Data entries

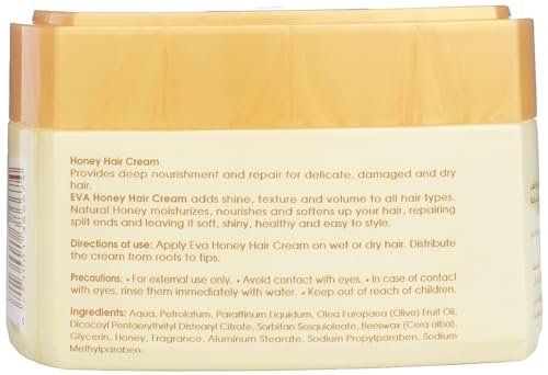 • A perfect formula that penetrates hair follicles to moisturize, nourish and soften your hair. Eva Honey Cream prevents split ends and restores damaged hair leaving it wrapped in a natural shine
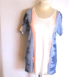 Sandro Paris Tye Dye Top. Color: Blue/White/Neon Peach. SIZE: 2 FR (6) (armpit to armpit measures 18.5"). Features:
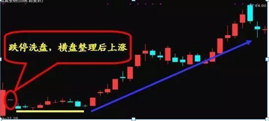 主力用跌停来加大市场恐慌气氛,一般而言,跌停时都会伴随一些利空消息。识别的方法得判断利空只是一时的,比如新洋丰重组未通过,但重组又是一件大概率事件,短期利空长期有想像空间。并且,跌停过后必须经过较为充分的横盘缩量整理(必须得是横盘平台整理),这代表着筹码在庄家手中,而非分散存在的。
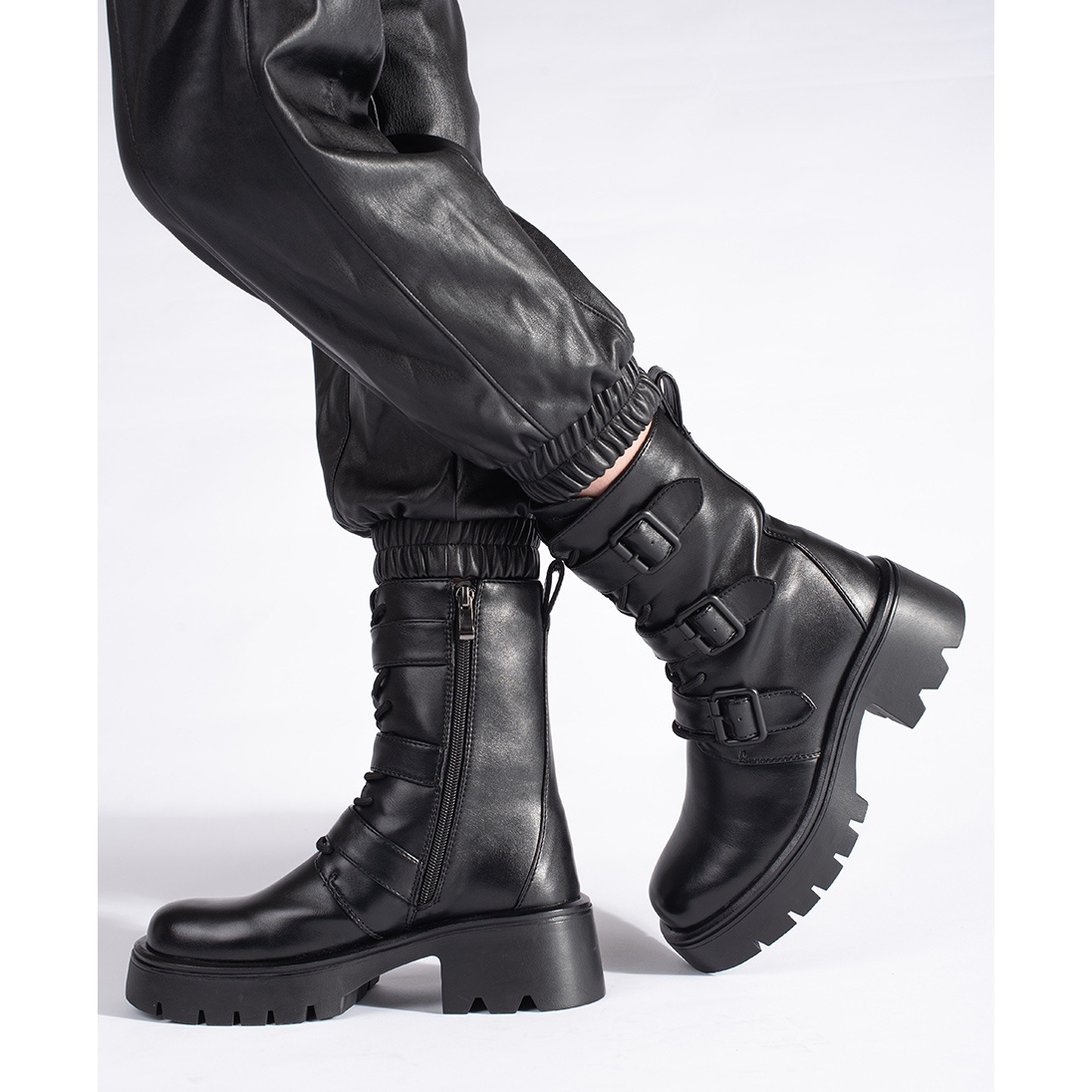 Detalhes: Botas femininas altas pretas de trabalho com fivelas preto
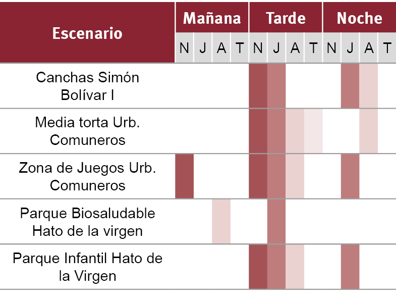Para la tabulación de los datos se tomaron, los escenarios, los periodos del día y la población de niños (N), jóvenes (J), adultos (A) y tercera edad (T). De este modo se establece, que el horario de mayor permanencia para todas las edades es la jornada de la tarde, el de menor permanencia es el de la mañana, seguido de la noche, y el escenario de menor permanencia es el parque Biosaludable o zona de actividades físicas del Hato de la Virgen. Estos datos nos indican que, en la jornada de la mañana, la población etaria seleccionada, desarrolla otro tipo de actividades tales como trabajo, estudio y quehaceres; que impiden la asistencia a los parques con mayor frecuencia como se observa durante la jornada de la tarde. Sin embargo, el cambio de permanencia que se tiene entre la jornada de tarde en comparación con la noche, da muestra de la dependencia o dificultades que tienen niños y adultos mayores para hacer uso de los parques en este horario, además, de ser un indicador sobre como la percepción de inseguridad que tienen los usuarios, puede ocasionar menores periodos de uso de los parques por parte de jóvenes y adultos (Fig. 6).
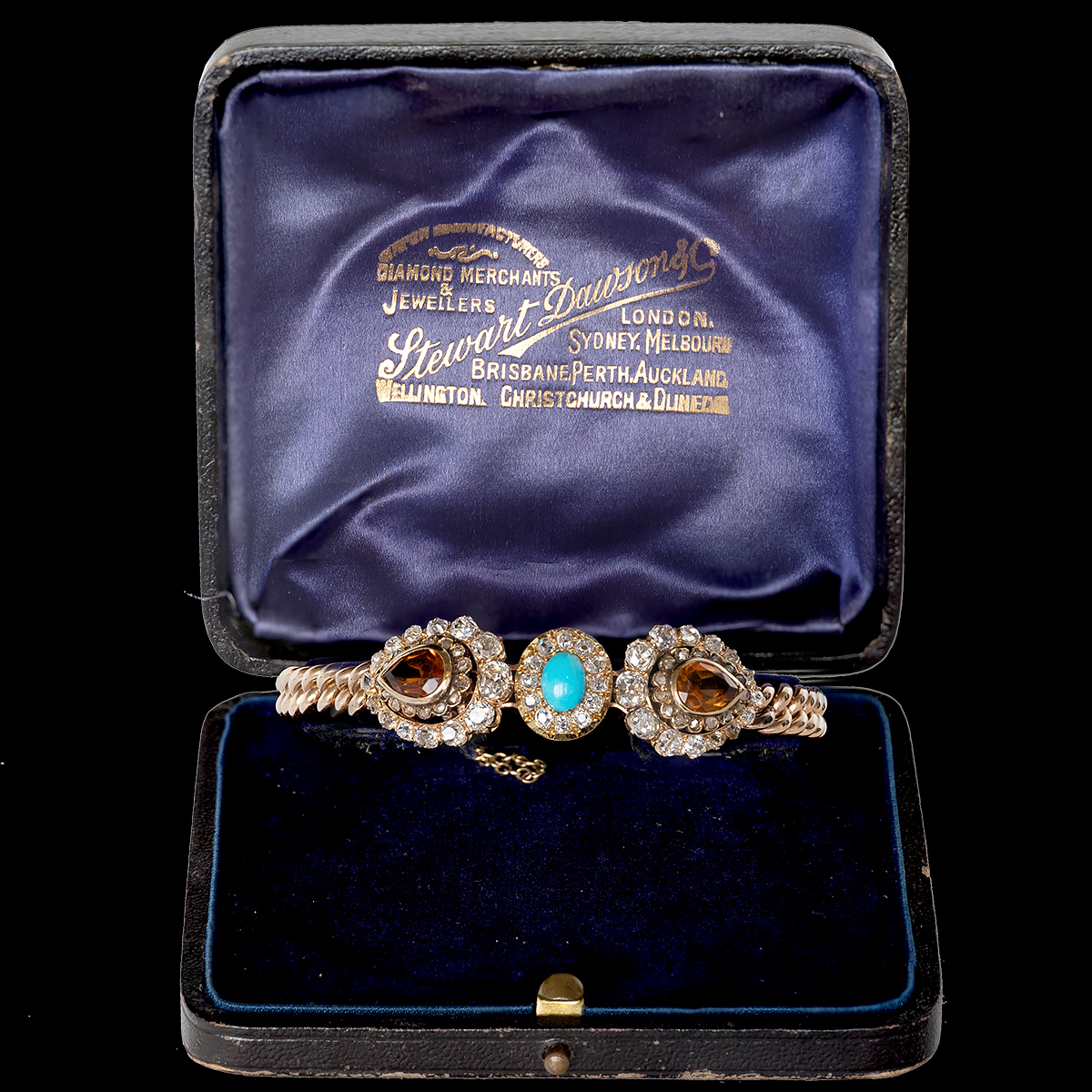 rare 15ct victorian diamond, turquoise and citrine bracelet that can be worn as a brooch (brooch fitting included)

### ACTIVITY
Although the records above contain pictures, the copy must not; set down exactly the lines from the one with "Sandro Paris Tye" up to and including the one with "Detalhes: Botas femininas".

### TASK SOLUTION
 Sandro Paris Tye Dye Top. Color: Blue/White/Neon Peach. SIZE: 2 FR (6) (armpit to armpit measures 18.5"). Features:
 主力用跌停来加大市场恐慌气氛,一般而言,跌停时都会伴随一些利空消息。识别的方法得判断利空只是一时的,比如新洋丰重组未通过,但重组又是一件大概率事件,短期利空长期有想像空间。并且,跌停过后必须经过较为充分的横盘缩量整理(必须得是横盘平台整理),这代表着筹码在庄家手中,而非分散存在的。
 Detalhes: Botas femininas altas pretas de trabalho com fivelas preto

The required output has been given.